Purpose: This study aimed to assess the feasibility and potential usefulness of a new intraoperative portable high-resolution imaging γ-camera for the localization of sentinel lymph node in patients with breast cancer.

Methods: Sixteen T1 to T2 breast cancer female patients were evaluated (mean age, 62 years) with preoperative lymphoscintigraphy, acquired 30 minutes after intradermal injection of 60 to 70 MBq (1.6-1.9 mCi) of 99mTc-nanocolloids in saline volumes of 0.1 to 0.2 mL. Surgery took place the day after (18-20 hours after tracer injection). For intraoperative sentinel lymph node localization, a traditional γ-probe was used by the surgeon. Moreover, a portable imaging γ-camera was used by the nuclear physician who was present in the operating room.

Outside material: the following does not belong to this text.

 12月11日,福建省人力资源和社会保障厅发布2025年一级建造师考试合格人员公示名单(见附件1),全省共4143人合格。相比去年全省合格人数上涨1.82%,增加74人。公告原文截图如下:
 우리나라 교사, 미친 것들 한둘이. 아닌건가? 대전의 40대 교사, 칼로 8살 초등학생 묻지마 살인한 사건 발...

Results: The portable imaging γ-camera showed very high spatial resolution (2.4 mm) in the 4.4 × 4.4 cm2 FOV, with a good sensitivity of 180 cps/MBq at a Plexiglas depth of 1 cm. In 11 patients, lymphoscintigraphy, γ-probe, and imaging γ-camera depicted the same number of radioactive lymph nodes (17 nodes; 5 of which were metastatic and detected in 6 different patients). In 6 patients, the portable imaging γ-camera detected 1 node more than lymphoscintigraphy (in total, 5 nodes more), one of which was metastatic (the only one metastatic in that patient).

Conclusions: Our preliminary results showed that a portable high-resolution hand-held imaging γ-camera is a feasible, not time-consuming, noninvasive procedure in intraoperative sentinel node localization, offering extra confidence to the surgeon. In our hands, it was a very useful auxiliary imaging tool especially in the identification of nodes located deep in the axilla, which are difficult to detect at the preoperative lymphoscintigraphy. Additional multicenter studies involving a greater number of patients are necessary to confirm these promising data.